OpenAI Five mastered Dota 2, a complex real-time strategy video game that requires teamwork, coordination, and handling imperfect information, ultimately defeating world champion human teams.
Unlike AlphaGo's focus on a perfect-information board game, OpenAI Five tackled a real-time, multiplayer video game with hidden information and dynamic team play, presenting a different set of AI challenges in a collaborative environment.
Cicero achieved human-level performance in the strategy game Diplomacy, which uniquely requires natural language communication, negotiation, and the formation of alliances and deceptions.
Cicero extends beyond pure game strategy by incorporating social reasoning and natural language interaction, a dimension not present in AlphaGo's Go-playing domain, which focuses solely on board state and move prediction.
AlphaGo is an AI program developed by DeepMind that enables researchers and strategists to master the game of Go at a superhuman level. It combines deep neural networks with advanced search algorithms to achieve this.
AlphaGo itself is a research project and not a commercial product. However, access to its research papers, technical details, and public information is freely available, aligning with a freemium model for knowledge dissemination.
AlphaGo's main features include its ability to master the game of Go at a superhuman level, its use of deep neural networks (policy and value networks) combined with Monte Carlo tree search, its learning through both supervised learning from human games and reinforcement learning via self-play, and its capacity to discover novel strategies. It famously defeated world champion Lee Sedol in 2016.
AlphaGo is not a user-facing tool but a foundational AI research system. Its methodologies and results are primarily used by AI researchers, scientists in fields like biology and robotics, game theorists, educators, and philosophers to advance AI, inspire new applications, and explore the implications of advanced machine intelligence.
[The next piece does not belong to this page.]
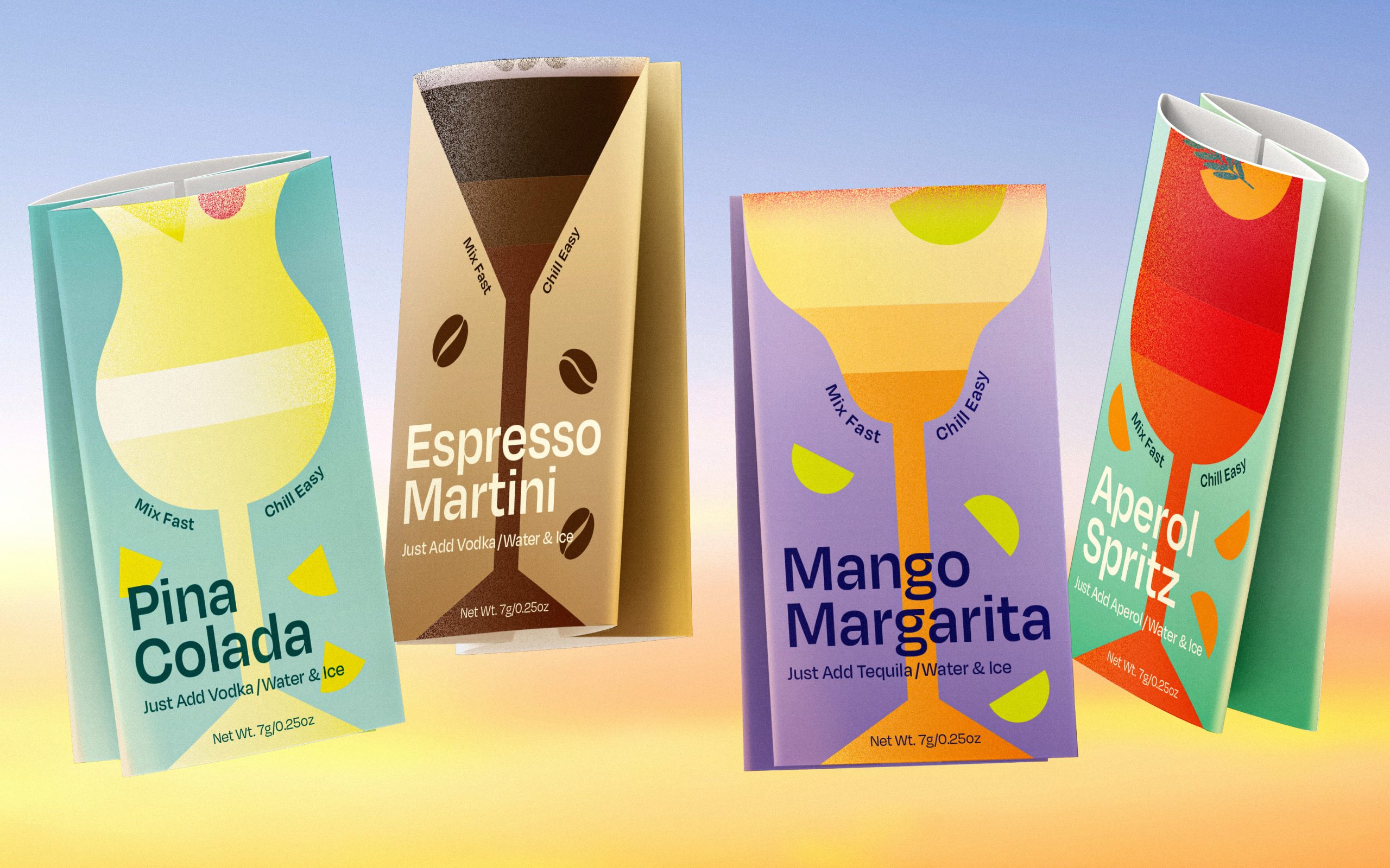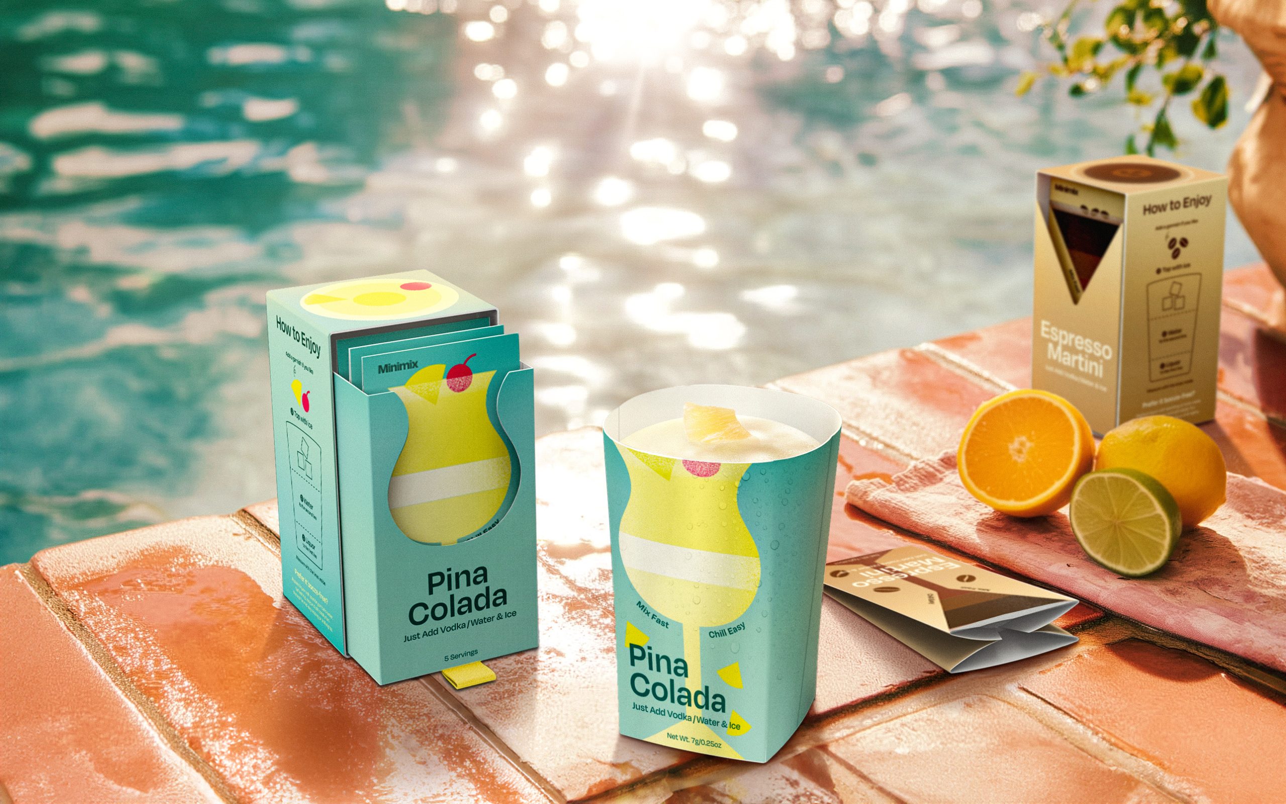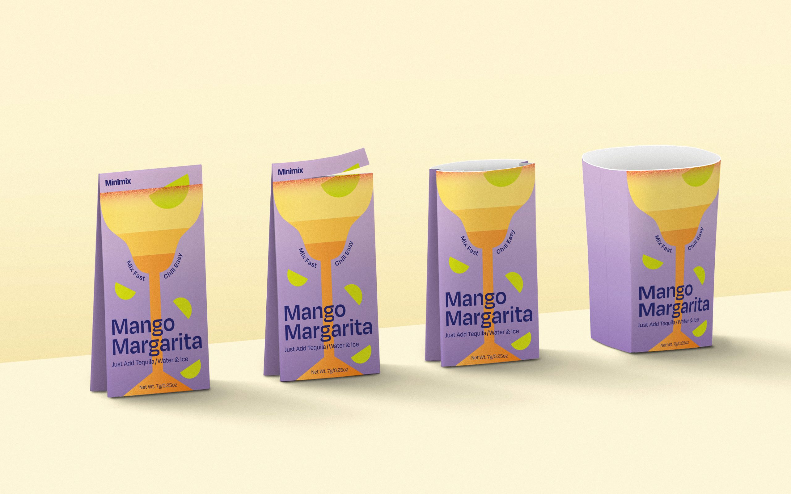 Minimix 是一种为当代社交场景而生的鸡尾酒新形态。通过大胆明快的色彩与简化图形,将经典鸡尾酒以更年轻、直观的视觉语言重新演绎,让饮酒体验变得轻松而包容。每款产品以标志性酒杯造型为视觉符号,弱化传统的正式感,强调分享与即兴。产品采用单人份自立袋设计,每袋约350ml,内含鸡尾酒粉末,撕开即可作为杯子使用。既可加入烈酒调制鸡尾酒,也可加水变成无酒精特饮,满足不同人群的共同参与。轻量、便携、易清理的设计适用于派对、野餐、音乐节等多种场景,让鸡尾酒成为连接人与人的社交媒介。
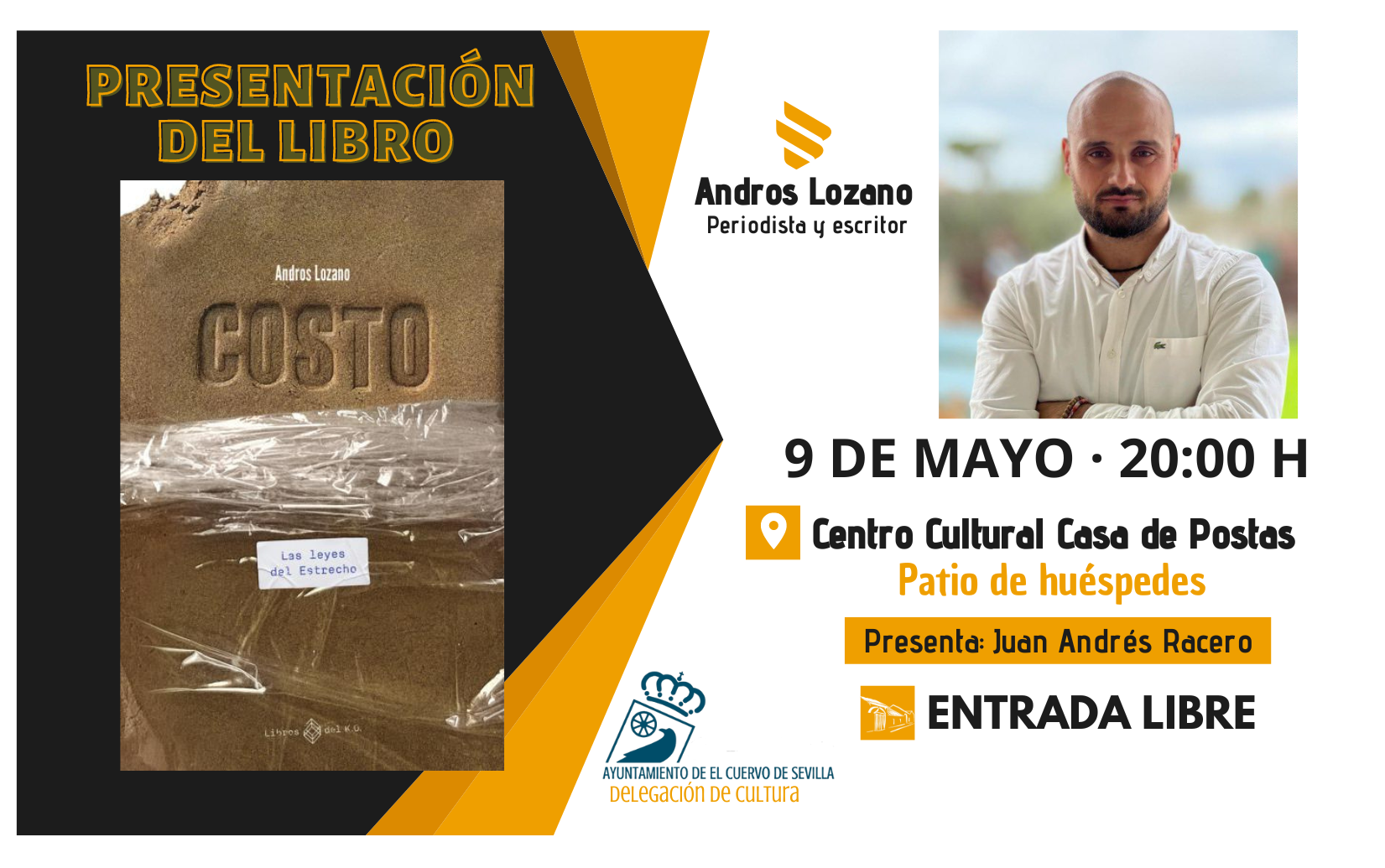 La Delegación de Cultura organiza el martes 9 de mayo la presentación del libro 'Costo', del periodista y escritor Andros Lozano. Esta obra narra la historia trepidante sobre el narcotráfico en Andalucía, Ceuta y Melilla.

AlphaGo differentiated itself from earlier systems like Deep Blue by using deep neural networks and reinforcement learning instead of brute-force search. Its successor, AlphaZero, improved upon it by learning multiple games from scratch without human data. Unlike OpenAI Five, which tackled real-time strategy games with imperfect information, AlphaGo focused on a perfect-information board game. Cicero, in contrast, incorporates natural language and social reasoning for games like Diplomacy, a dimension not present in AlphaGo's domain.